The heat equation
$$u(t,x)= \frac{1}{\sqrt{4\pi kt}}\exp\left(-\frac{x^2}{4kt}\right)$$
is presented as a Gaussian distribution changing with time from a point source at time zero at the origin (Dirac). It makes sense that the variance of the Gaussian increases with time, and it is $\sigma^2 = kt:$
$$\mathcal N(0,\sigma^2)= \frac{1}{\sqrt{2\pi \sigma^2}}\exp\left(-\frac{x^2}{2\sigma^2}\right).$$
Well, almost! Then there is that pesky $4$ turned into a $2$ in the Gaussian.
I understand that as long as it fulfills the heat equation, $u_t=k\nabla^2u,$ we are good. And it does:
$$\frac{\partial}{\partial t}u(t,x)=k\frac{\partial^2}{\partial x^2}u(t,x)=k\frac{1}{8\sqrt{\pi k t^5}}\exp \left(-\frac{x^2}{4kt}\right)\left(x^2-2kt \right)$$
But why is the denominator doubled in the heat equation? There surely is a physical way to just see it...
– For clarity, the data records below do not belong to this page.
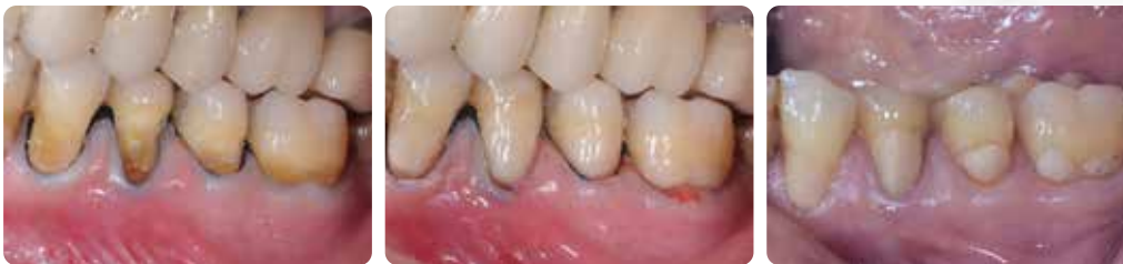
EQUIA Forte (the predecessor of EQUIA Forte HT) restorations before treatment (left), at baseline (middle) and after 6.5 years of function (right).

Even though in many cases, Atraumatic Restorative Treatment (ART) won't be the first option, this technique can be applied in case of highly dependent patients who do not manage to come to the dental practice or in any other situation where the use of rotary instruments is not an option. 6,10 Powder/Liquid versions are available to work in absence of a capsule mixer. In the ART technique, only the infected dentine is removed but the affected/ leathery dentine close to the pulp is kept, which helps keeping pulp vitality and avoids sensitivity. Perfectly clean margins will ensure the success of the restoration. In most cases, anaesthesia is not necessary.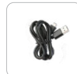
Data cable PC143 (AP585)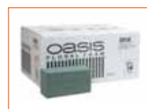
OASIS® Ideal Floral Foam

SUNDRIES OASIS® Ideal Floral Foam Large Tall Glass Cylinder Vase Black Mitsumata Black Willow Bundle Black Flat Midelino Coil Glass Test Tubes Black Crushed Ice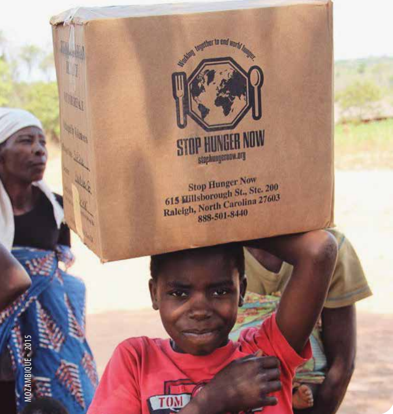
MOZAMBIQUE - 2015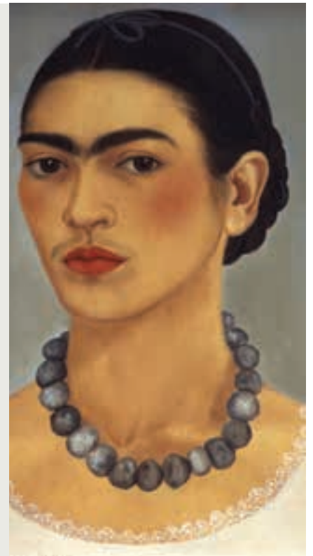
Frida Kahlo, Self-portrait with Necklace , 1937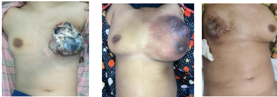
Figure 1. Data collection of Patients with Breast Ca at RSUP HAM Medan

characteristics, tumor characteristics, biomarker status, recurrence of metastatic brain tumors based on Magnetic Resonance Imaging (MRI) examination, and data on therapeutic regimens in cases of brain metastases of breast cancer. ER and PR status were determined by immunohistochemical examination. the intensity of the HER2 3+ immunohistochemical staining was considered positive.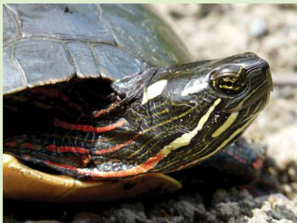
Painted Turtle: Note the brilliant colours!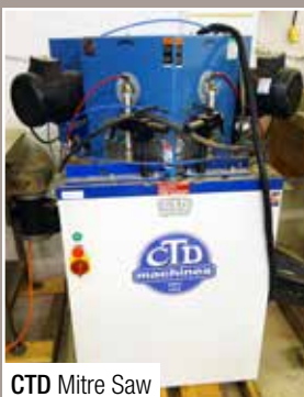
CTD Mitre Saw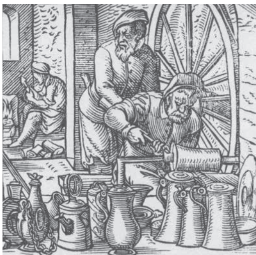
ILLUS 14 16th-century woodcut showing a pewterer finishing a flagon on a wheel lathe

base does not bear any mark. The hinge and thumbpiece are again both heavily cast. The thumbpiece is a palmette, but with the lobes less pronounced on the rear. One notable difference is that the attachment to the lid is now a thinner strap of metal that follows the contours of the dome of the lid. In this it anticipates the attachment seen in all later forms. The handle is of D-section.

Note that for a normal random variable satisfying $$ dX_t = \sigma dW_t $$
Its PDE is, $$ \frac{\partial f(t,x)}{\partial t} + \frac{1}{2}\sigma^2 \frac{\partial^2 f(t,x)}{\partial x^2} = 0 $$
Compared with the PDE for the heat equation,
$$\frac{\partial u(t,x)}{\partial t}=k\frac{\partial^2 u(t,x)}{\partial x^2}$$
So, the correspondence is $2k$ vs. $\sigma^2$.